Dear USA olympians – I am so sorry about your uniforms. I know you’ve got a lot to worry about, and the US State Department has probably done us a little favor by warning Americans to not wear anything conspicuously patriotic outside the olympic village, but I still feel for you. I would not be happy if I had to wear a sweater made of bits of grandma’s old blankets over baggy sweats and hats that a toddler would reject.
If you haven’t seen these uniforms yet, here’s a photo of our olympians putting on their game face. It’s probably written into some contract that they have to smile while wearing these sad get ups.
Ralph Lauren, you need to step away from your sketch pad. Our athletes deserve better.
Thankfully, other countries have stepped up to cleanse our fashion paletes. Here’s a look at what Lacoste, the official designer has done for team France. A touch of understated elegance that looks practical and dare I say warm. Vive la France!
Sweden’s H&M gives us sleek, fresh designs. I really like these uniforms, although they hurt just a little bit. Team USA should be this sharp.
Oh Norway, I don’t look to you for fashion inspiration, but you stepped up to the plate and hit a solid double here. Classic with a basic contemporary feel.

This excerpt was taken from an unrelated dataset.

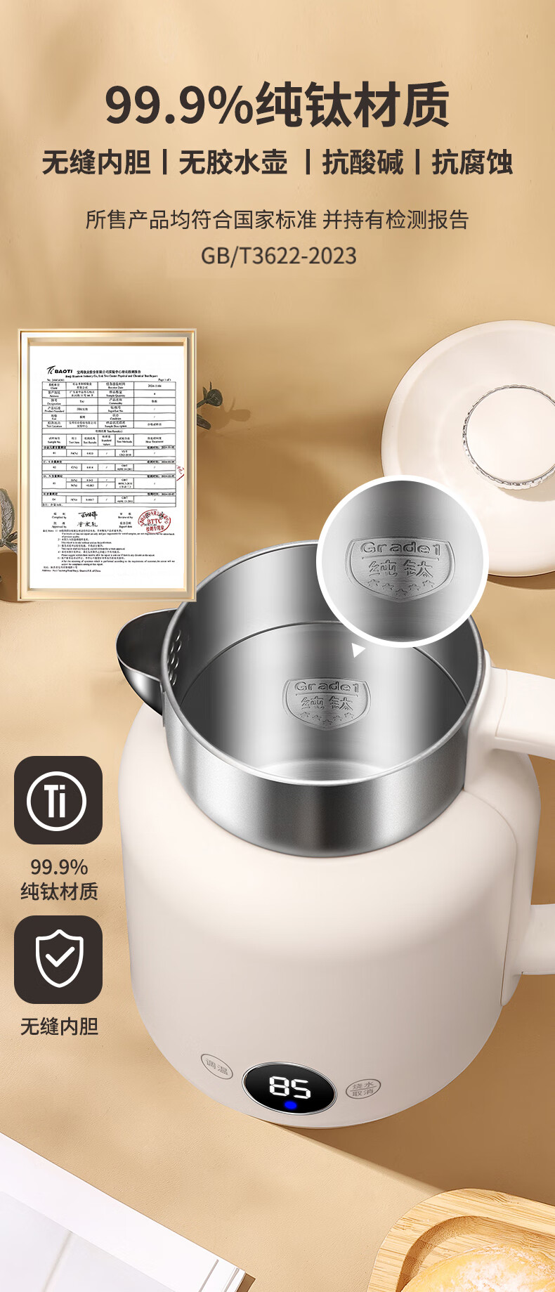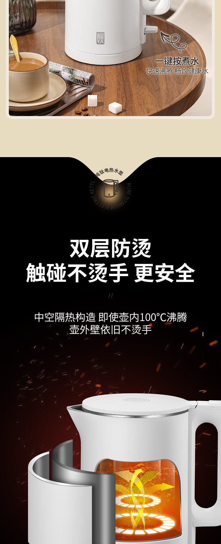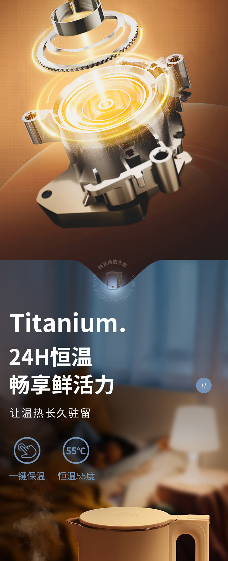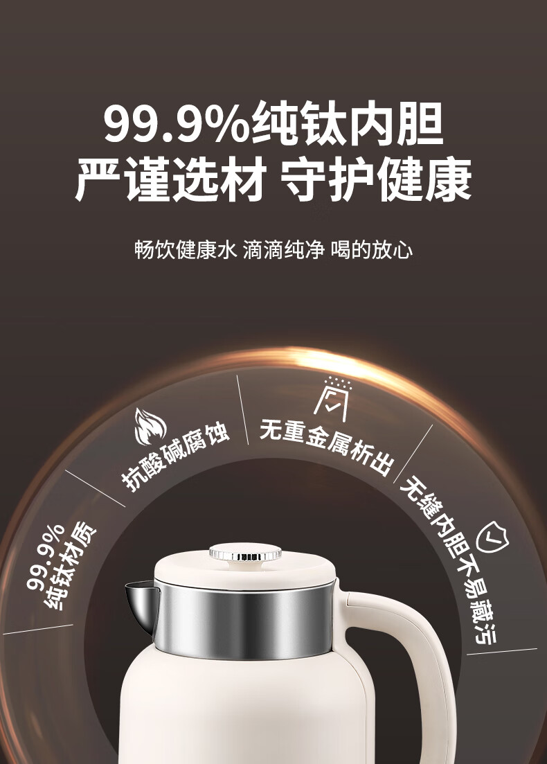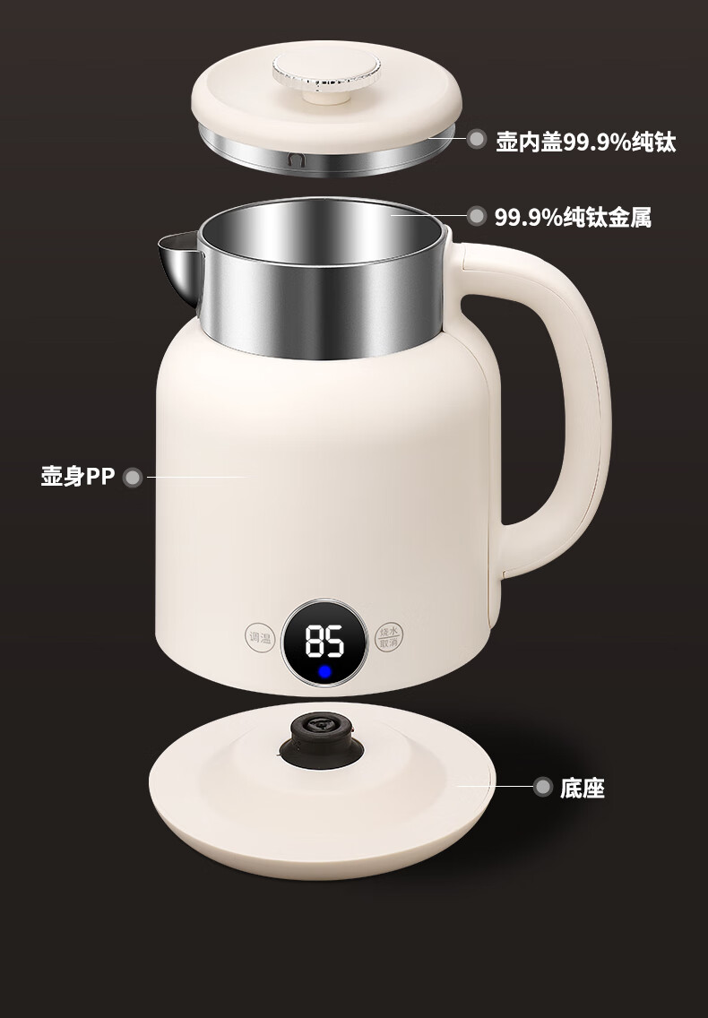 和顺钛和页钛纯钛电热水壶1.5L大容量电烧水壶无缝内胆一键烧水自动断电双层防烫电热壶全开盖设计 1.5L -纯钛全开盖【5段保温功能】

Here is Estonia. Wow, Estonia I never paid attention to you, and you pleasantly surprise me. Your olympians look sharp and really cute at the same time. Good balance of sweet with a healthy dose of class. The sweaters are fresh and the tailored grey slacks divine.
But wait, there’s more! Lest you think we’re the only fashion misstep at the games, here is what the intrepid volunteers are decked out in. What can I say? Just NO. Come on, these people are volunteers, why oh why must they suffer this indignity.
Lastly, we have competition in the sad uniform slalom. Czech Republic, Dr. Seuss called, he wants his hats back.